Looking ahead, the integration of SfM photogrammetry with emerging technologies opens promising possibilities for marine biodiversity monitoring. The photogrammetric module developed in this study was conceived from the outset with ROV integration capability, and the deployment of such systems on autonomous platforms would substantially reduce the physical and logistical constraints associated with scuba diving, particularly at depths beyond 30 m, where bottom time is severely limited. The combination of 3D photogrammetry with convolutional neural network-based taxonomic identification has demonstrated the capacity to deliver accurate estimates of benthic species abundance and morphology across morphologically complex taxa, and can be applied across SCUBA, ROV, and AUV survey platforms, making it particularly valuable for spatially extensive surveys where manual analysis is prohibitively time-consuming [39]. Applied to P. rudis, such workflows could enable semi-automated detection, segmentation, and measurement of individuals directly from 3D point clouds or orthomosaics, dramatically accelerating data processing. Furthermore, the establishment of georeferenced 3D models as annual baselines will allow future studies to quantify population changes at the individual level (tracking recruitment, growth, and mortality), thereby providing the demographic resolution needed to evaluate the conservation status of the species under conditions of environmental change.

5. Conclusions

Although SfM photogrammetry has been increasingly applied to benthic habitats, quantitative validations of its metric accuracy for protected marine species remain limited, particularly in confined and low-light environments such as marine caves. Here, we provide one of the few validations of SfM-derived morphometric measurements for a legally protected bivalve, Pinna rudis, through direct comparison with in situ diver measurements.
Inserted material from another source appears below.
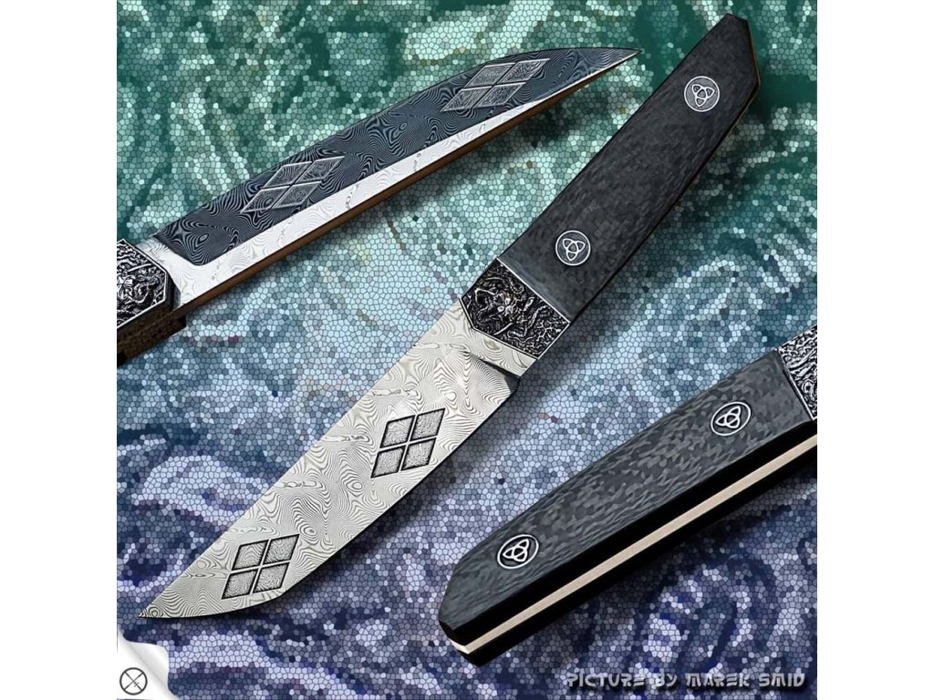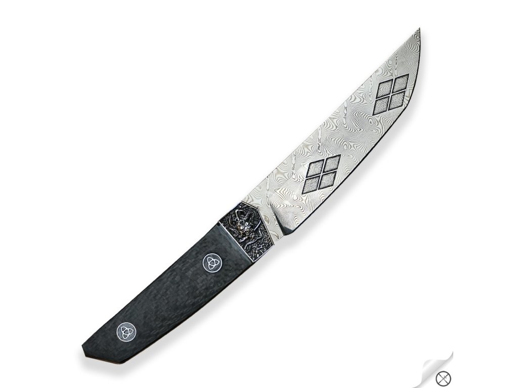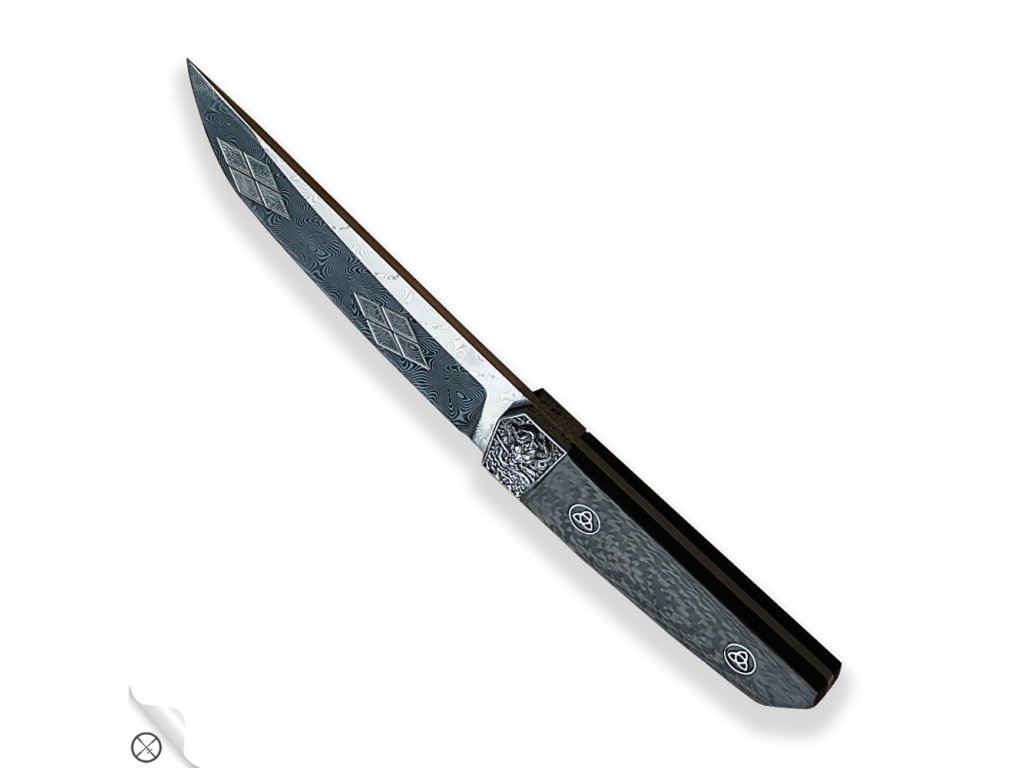Klasická tanto čepel evokuje japonské meče – s důrazem na průraznost, přesnost a pevnost hrotu. Saténový povrch s hlubokým gravírováním dodává noži syrovou krásu a výraz.

By integrating a custom low-light photogrammetry system with an ecological validation framework, this study offers a promising approach with potential for broader application for the non-invasive monitoring of vulnerable benthic species in marine protected areas. From a conservation standpoint, these findings have potential practical implications. The validated workflow has the potential to be incorporated into existing demographic monitoring programs of Pinna rudis in the Cabrera Archipelago and other Mediterranean MPAs, potentially providing managers with quantitative tools to detect changes in density, size structure and habitat condition without compromising the integrity of the populations. Given the species’ protection under the Barcelona Convention and its role as a potential ecological replacement for the critically endangered P. nobilis, the establishment of standardised, repeatable and minimally invasive monitoring protocols is a conservation priority. The methodology presented here directly contributes to that need, supporting evidence-based decision-making in the management of vulnerable benthic communities and the preservation of the structural and functional integrity of Mediterranean marine ecosystems.